Using the configuration file here and reproduced below, it is possible to run eoap-gen to create the full package requirements.

id: cloud-free-best-pixel
doc: Generate cloud free best pixel mosaic on a per month basis
label: Cloud free best pixel

resources: # current ADES max is 4 cores and 16GB RAM, we need all we can get
  cores_min: 4
  ram_min: 16000

inputs:
  - id: catalog
    label: Catalog path
    doc: Full catalog path
    type: string
    default: supported-datasets/ceda-stac-catalogue
  - id: collection
    label: collection id
    doc: collection id
    type: string
    default: sentinel2_ard
  - id: intersects
    label: Intersects
    doc: >
      a GeoJSON-like json string, which provides a "type" member describing the type of the geometry and "coordinates" 
      member providing a list of coordinates.
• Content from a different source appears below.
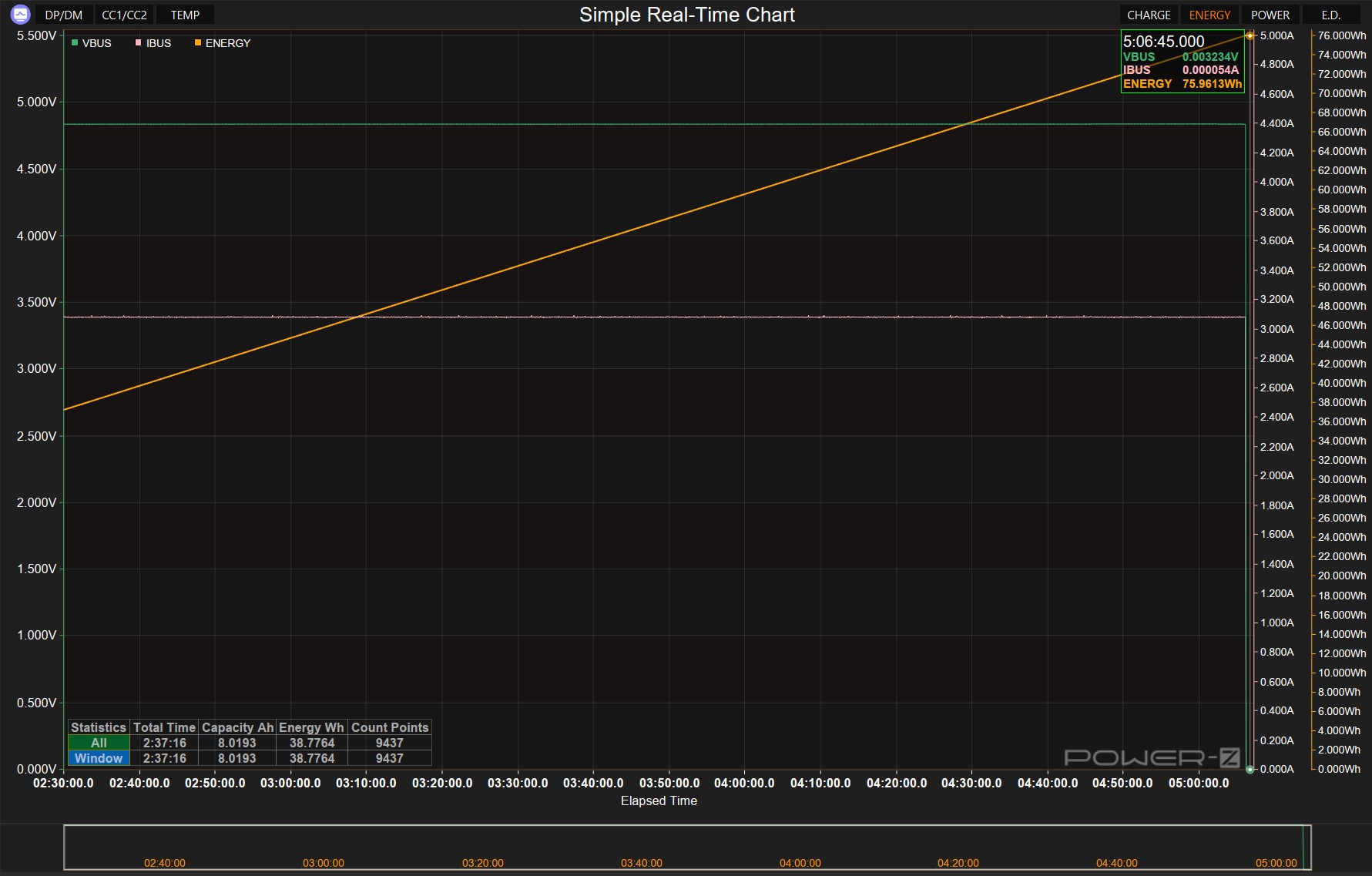 График (полученный с помощью тестера Power-Z KM003C) разряда показывает типичную для качественных литий-ионных аккумуляторов разрядную характеристику с длительным плато напряжения и резким спадом в конце цикла (полный разряд аккумулятора). Линейное накопление выданной энергии, что подтверждает стабильность выходных параметров, что свидетельствует о корректной работе преобразователя и эффективном управлении разрядом аккумуляторных элементов. Нагрев корпуса оставался незначительным, незначительно теплее температуры в комнате

Will search for images intersecting this geometry.
    type: string
    default: >
      {
        "type": "Polygon",
        "coordinates": [
          [
            [0.08905898091569497, 52.69722175598818],
            [0.08905898091569497, 52.15527412683906],
            [0.9565339502005088, 52.15527412683906],
            [0.9565339502005088, 52.69722175598818],
            [0.08905898091569497, 52.69722175598818]
          ]
        ]
      }
  - id: start_datetime
    label: Start datetime
    doc: Start datetime
    type: string
    default: "2023-04-01"
  - id: end_datetime
    label: End datetime
    doc: End datetime
    type: string
    default: "2023-06-30"

outputs:
  - id: stac_output
    type: Directory
    source: s2_make_stac/stac_catalog
steps:
  - id: s2_search
    script: S2-cloud-free-best-pixel/cli/search/search.py
    requirements: S2-cloud-free-best-pixel/cli/search/requirements.txt
    inputs:
      - id: catalog
        source: cloud-free-best-pixel/catalog
      - id: collection
        source: cloud-free-best-pixel/collection
      - id: intersects
        source: cloud-free-best-pixel/intersects
      - id: start_datetime
        source: cloud-free-best-pixel/start_datetime
      - id: end_datetime
        source: cloud-free-best-pixel/end_datetime
    outputs:
      - id: urls
        type: string[]
        outputBinding:
          loadContents: true
          glob: urls.txt
          outputEval: $(self[0].contents.split('\n'))
      - id: months
        type: File[]
        outputBinding:
          glob: month_*.json

  - id: s2_rm_cloud
    script: S2-cloud-free-best-pixel/cli/rm_cloud/rm_cloud.py
    requirements: S2-cloud-free-best-pixel/cli/rm_cloud/requirements.txt
    conda:
      - dask
      - gdal
    scatter_method: dotproduct
    inputs:
      - id: item_url
        source: s2_search/urls
        scatter: true
    outputs:
      - id: cloud_masked
        type: File
        outputBinding:
          glob: "*.tif"

  - id: s2_mosaic
    script: S2-cloud-free-best-pixel/cli/mosaic/mosaic.py
    requirements: S2-cloud-free-best-pixel/cli/mosaic/requirements.txt
    apt_install:
      - pktools
    scatter_method: dotproduct
    inputs:
      - id: intersects
        source: cloud-free-best-pixel/intersects
      - id: month_json
        source: s2_search/months
        scatter: true
        type: File
      - id: all_images
        source: s2_rm_cloud/cloud_masked
        type: File[]
    outputs:
      - id: best_pixel
        type: File
        outputBinding:
          glob: "*.tif"

  - id: s2_make_stac
    script: S2-cloud-free-best-pixel/cli/make_stac/make_stac.py
    requirements: S2-cloud-free-best-pixel/cli/make_stac/requirements.txt
    inputs:
      - id: geometry
        source: cloud-free-best-pixel/intersects
      - id: files
        source: s2_mosaic/best_pixel
        type: File[]
    outputs:
      - id: stac_catalog
        outputBinding:
          glob: .
        type: Directory

Running the configuration file results in the directory available here which can then be submitted to EODH using pyeodh and run using either the API client or QGIS plugin.